В первых публикациях рассказ был снабжен эпиграфом из Мих. Кузмина:

Глупое сердце все бьется, бьется —
Счет ведет…
Кажется, вот, вот сейчас разобьется —
Нет, живет.

(В дороге. Февр.—авг. 1913)

В Собрании сочинений Слёзкин, снимая эпиграф, дает посвящение: Михаилу Кузмину. С Михаилом Алексеевичем Кузминым (1872—1936), поэтом, композитором, драматургом, прозаиком, переводчиком, Юрий Слёзкин был знаком со студенческих времен; высоко ценил его поэзию и сохранял дружеское отношение и в послереволюционные годы, когда пролеткультовская критика всячески стремилась вытеснить его из литературы.

Рассказ, как и сборник под тем же названием, получил положительные отзывы. В частности Ю. Айхенвальд в рецензии на сборник, опубликованной в начале 1917 года в газете «Утро России», писал: «… чем-то острым и утонченным, волнующей пикантностью и сладостной горечью меланхолии веет если не от всех, то от лучших страниц Юрия Слёзкина. Они написаны в легкой, сквозистой манере, благородно, и часто фраза их звучит особым ритмом, проникнута внутренней мелодичностью; то с пастелью хочется сравнить писательский метод г. Слёзкина, то с блеклыми тонами старинной бронзы. ‹…› не гнетущая, не тяжелая, скорее — светлая печаль образует колорит и психологический фон его повествования. Слышится биение страдающего человеческого сердца…»

Турецкая шаль

Впервые — Биржевые ведомости. 1915. Первое книжное издание — в сб. «Господин в цилиндре» (1916).
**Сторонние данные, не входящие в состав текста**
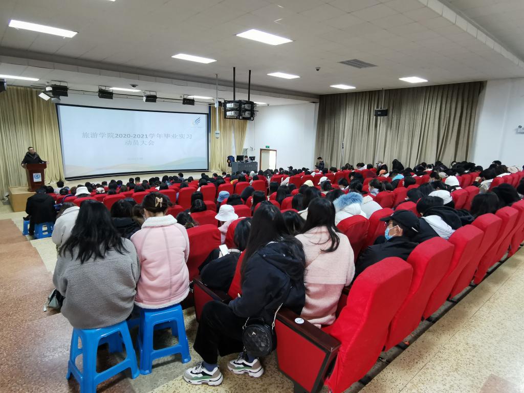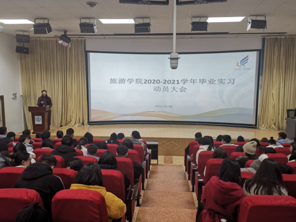 2021年1月8日上午,威廉希尔williamhill2020-2021学年毕业实习动员大会圆满举行。旅游公司党委书记王建华、党委副书记刘艳萍、副经理孙志强、全体毕业实习指导教师及全体2021届毕业生参加了大会。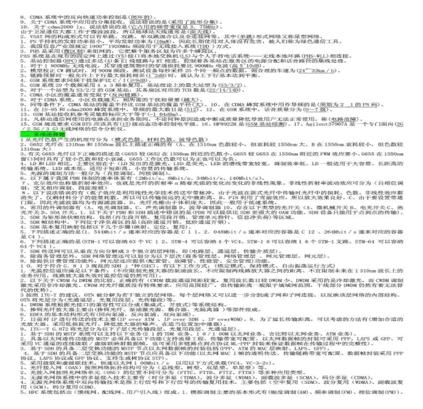 通信专业实务传输与接入(中级)-题目.pdf 免费下载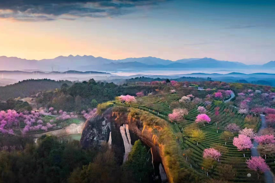 ◈【高椅岭樱花茶场乐园】位于湖南省郴州市苏仙区桥口镇与资兴市交界处,以神奇丹霞地貌为核心,在种植的茶园基础上并栽种了大型的各种樱花树约4000株。其中主要品种包括红粉佳人、中国红、八重樱等观赏品种。和其他樱花不一样,这个茶园樱花香气十足,和茶树的味道混合在一起,形成“神奇丹霞景,茶绿樱花红”的震撼视觉效果,近年已经成为各地区市民踏青赏花的网红打卡地。也是由郴州市高椅岭旅游投资有限公司历经6年时间斥巨资打造的“抬头观花,低头采茶”的樱茶文化园。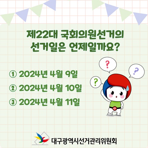 대구광역시선거관리위원회(053-767-2584)에서 제작한 제22대 국회의원선거 문제풀이 이벤트 저작물은 "공공누리" 출처표시-상업적 이용금지-변경금지 조건에 따라 이용할 수 있습니다. 자세한 내용은 [저작권정책]을 확인하십시오.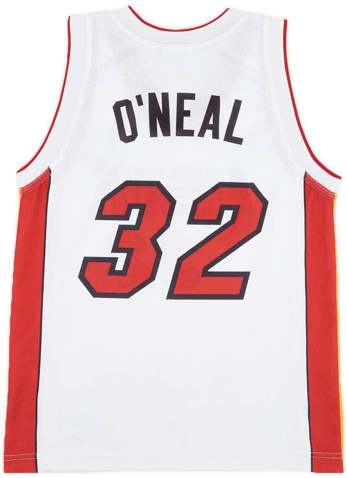 Classic Miami Heat Shaquille O'Neal #32 Champion jersey, as worn during his first season with the Heat. O'Neal is a 4-time NBA Champion (once with the Heat) and 3-time NBA Finals MVP, who was the first overall pick in the 1992 NBA Draft. He also won the 2000 regular season NBA MVP. O'Neal was named Player of the Week in his first week in the NBA, becoming the first player to ever achieve this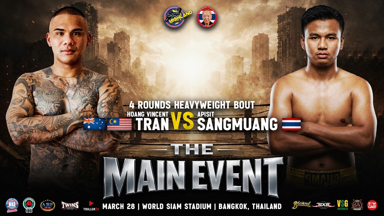 Australia/Malaysia’s Hoang Vincent Tran steps into the ring against Thailand’s Apisit Sangmuang in a clash of power and presence. Expect heavy hands and explosive moments as these heavyweights look to make a statement. 📍 March 28, 2026 📍 World Siam Stadium | Bangkok, Thailand This is boxing at its finest. Power. Impact. Knockouts. #HoangVincentTran #ApisitSangmuang #Boxing #Heavyweight #FightNight #BangkokFightNight #WorldSiamStadium #BoxingHighlights #Undercard #Knockout #CombatSports
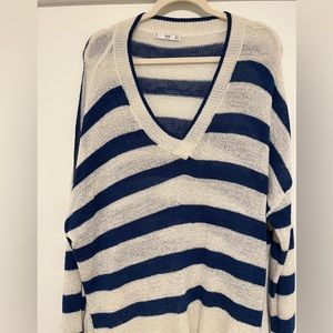 Nautical-Inspired Navy and Cream Striped V-Neck Sweater - Size M.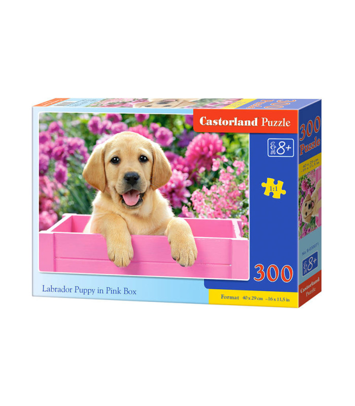 Puzzle 300 gabali Labradora kucēns rozā kastē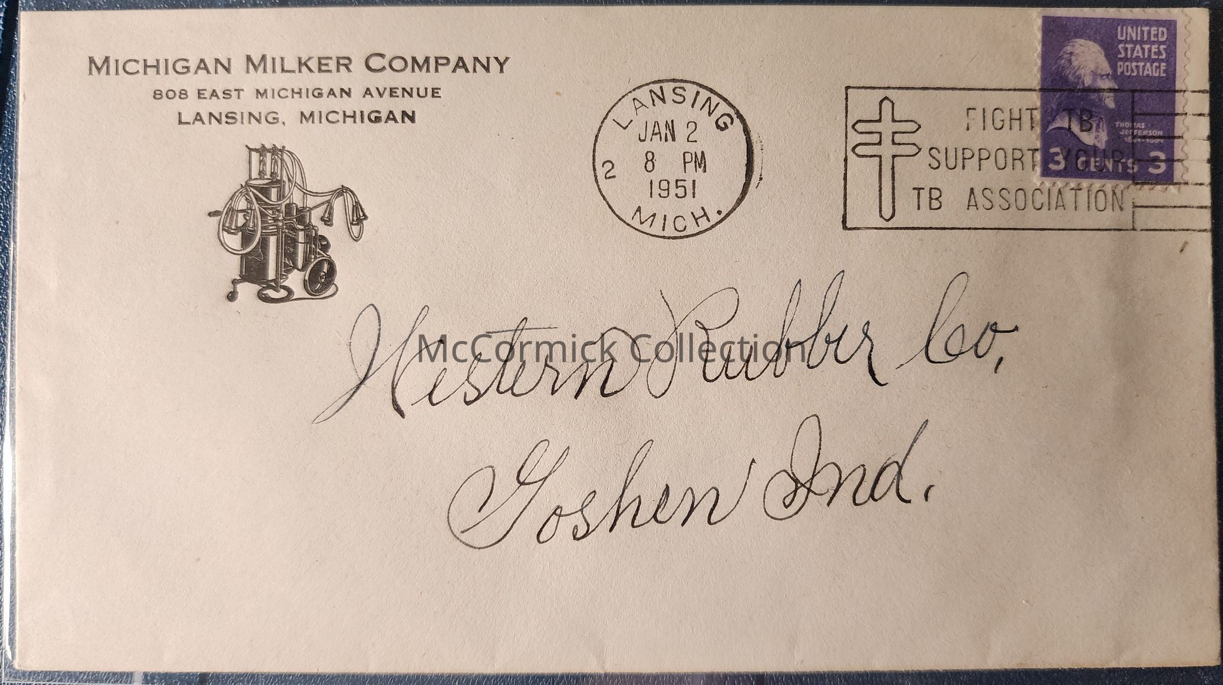Advertising postal cover for the Michigan Milker Company. Postmarked 1951 Lansing.

Печатается по: Собр. соч. М., 1928. Т. 3.

В качестве эпиграфа приводится последняя строфа стихотворения Ф. И. Тютчева «Последняя любовь» (1854).

Обертас

Впервые — Аргус. 1916. № 2.

Печатается по: Собр. соч. М., 1928. Т. 3.

Господин в цилиндре

Впервые — Солнце России, 1916. № 8.

Печатается по: Собр. соч. М., 1928. Т. 3.

Рассказ высоко оценил М. Булгаков в своей статье «Юрий Слёзкин (Силуэт)»: «…подлинное проникновение и откуда-то из глубины идущая печаль водят пером Слёзкина. Прекрасно и вдохновенно пишет он об униженном и нищем стареющем любовнике актрисы Жоржетты Ригаду». О последних строках рассказа Булгаков замечает: «Если бы я обладал скверной привычкой к сравнениям, я бы сказал, что это — чеховский финал».

«Господин в цилиндре» неоднократно переиздавался и был переведен на польский, чешский и немецкий языки.

Ситцевые колокольчики

Впервые — Сполохи, 1922. № 12.

Печатается по: Собр. соч. М., 1928. Т. 4.

Огуречная королева

Впервые — Накануне (Берлин). 1923; Ленинград. 1924; в кн. «Медвяный цвет». М., 1924. Переведен на немецкий язык.

Печатается по: Собр. соч. М., 1928. Т. 4.

Бандит

Впервые — Ленинград. 1925. № 14—15.

Печатается по: Собр. соч. М., 1928. Т. 4.

Рассказ неоднократно переиздавался; переведен на немецкий язык. Посвящен другу Слёзкина, известному советскому историку, профессору Марку Осиповичу Косвену (1885—1967).

Голый человек

Впервые — альманах «Новый путь». Л., 1926. № 1.

Печатается по: Собр. соч. М., 1928. Т. 4.

Фрагменты из рассказа публиковались в 1925 г. в газете «Накануне». Отдельным изданием он вышел в Берлине в 1926 г. в переводе на немецкий язык.

вернуться

22

Отдельные недочеты такой обработки восполнены мною.— Примеч. верстальщика.